Umuhuri, he said, was limping and appeared to be in pain as he hurried back to Campbell's vehicle amid the shooting.
Once in the car, Campbell had to decide what to do while Umuhuri and Beatrice Gage shouted opposite commands into his ear, he said, explaining that Umuhuri wanted him to leave immediately while Beatrice Gage wanted to stay and look for her brother, who had run off.
"I was so confused, you know," he recalled, explaining that he stopped the car while Beatrice Gage yelled out, "Haydn! Hadyn! Where are you, Hadyn?"
They decided to leave without Hadyn Gage after a couple minutes and start driving towards Auckland Hospital, but the yelling in the car continued, he said, explaining that he dropped off Beatrice Gage in Greenlane after she told him to let her out.
"She was calling me a useless c***, just yelling at me," he testified. "I know that she didn't mean to. We were all in shock at the time."
With just him and Umuhuri left in the car, he said he was determined to take his bleeding friend to the hospital but now had Umuhuri yelling in his ear to stop the car.
"It was just all the way coming from the motorway, he was [saying], 'Stop the car! Stop the car! Stop the f***ing car!'" Campbell said, telling jurors that he responded, "No bro, I'm taking you to the hospital."

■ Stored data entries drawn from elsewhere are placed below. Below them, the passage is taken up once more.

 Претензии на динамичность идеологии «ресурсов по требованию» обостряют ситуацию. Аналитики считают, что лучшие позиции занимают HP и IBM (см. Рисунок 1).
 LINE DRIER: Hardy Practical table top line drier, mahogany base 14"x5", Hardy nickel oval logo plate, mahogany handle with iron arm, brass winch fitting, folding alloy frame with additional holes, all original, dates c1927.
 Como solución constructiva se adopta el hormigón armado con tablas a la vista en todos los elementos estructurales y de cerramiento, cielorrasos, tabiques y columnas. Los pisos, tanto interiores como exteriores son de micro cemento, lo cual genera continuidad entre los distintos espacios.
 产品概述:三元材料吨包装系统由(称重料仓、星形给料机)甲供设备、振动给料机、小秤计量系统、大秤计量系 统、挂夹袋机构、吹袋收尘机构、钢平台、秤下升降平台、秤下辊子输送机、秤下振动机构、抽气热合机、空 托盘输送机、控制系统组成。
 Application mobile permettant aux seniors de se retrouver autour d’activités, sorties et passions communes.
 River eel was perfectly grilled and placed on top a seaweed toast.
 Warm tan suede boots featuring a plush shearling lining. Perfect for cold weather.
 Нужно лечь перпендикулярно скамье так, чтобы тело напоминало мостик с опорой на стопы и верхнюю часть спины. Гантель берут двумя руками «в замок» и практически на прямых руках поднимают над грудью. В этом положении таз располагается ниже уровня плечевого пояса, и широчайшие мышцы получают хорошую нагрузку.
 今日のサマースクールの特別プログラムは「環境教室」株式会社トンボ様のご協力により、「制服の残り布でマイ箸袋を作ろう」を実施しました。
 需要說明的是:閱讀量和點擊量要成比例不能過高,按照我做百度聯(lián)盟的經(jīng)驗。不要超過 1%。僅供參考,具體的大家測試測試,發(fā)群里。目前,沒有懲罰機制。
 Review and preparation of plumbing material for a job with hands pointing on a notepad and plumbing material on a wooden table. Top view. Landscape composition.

But he knew Umuhuri was "really, really angry" and so eventually relented, pulling over and calling an ambulance as he stood on the side of the road, he said. That's where police later found him dead.
Beatrice Gage also returned to the witness stand today, remaining combative and often shouting back answers as she reluctantly answered questions from defence lawyer Marie Dyhrberg, who represents Davis.
Dyhrberg noted that in the witness' interview with police just a few days after the shooting, Beatrice Gage described Davis as looking "shocked" and "like he wanted to run" as the shots rang out.
"You were the ones who planned to steal the drugs. You wanted more," Dyhrberg suggested as her voice was drowned out by the witness yelling, "F*** off."
"Cliff had no need to rip them off. He had money," Beatrice Gage said. "You're full of s***."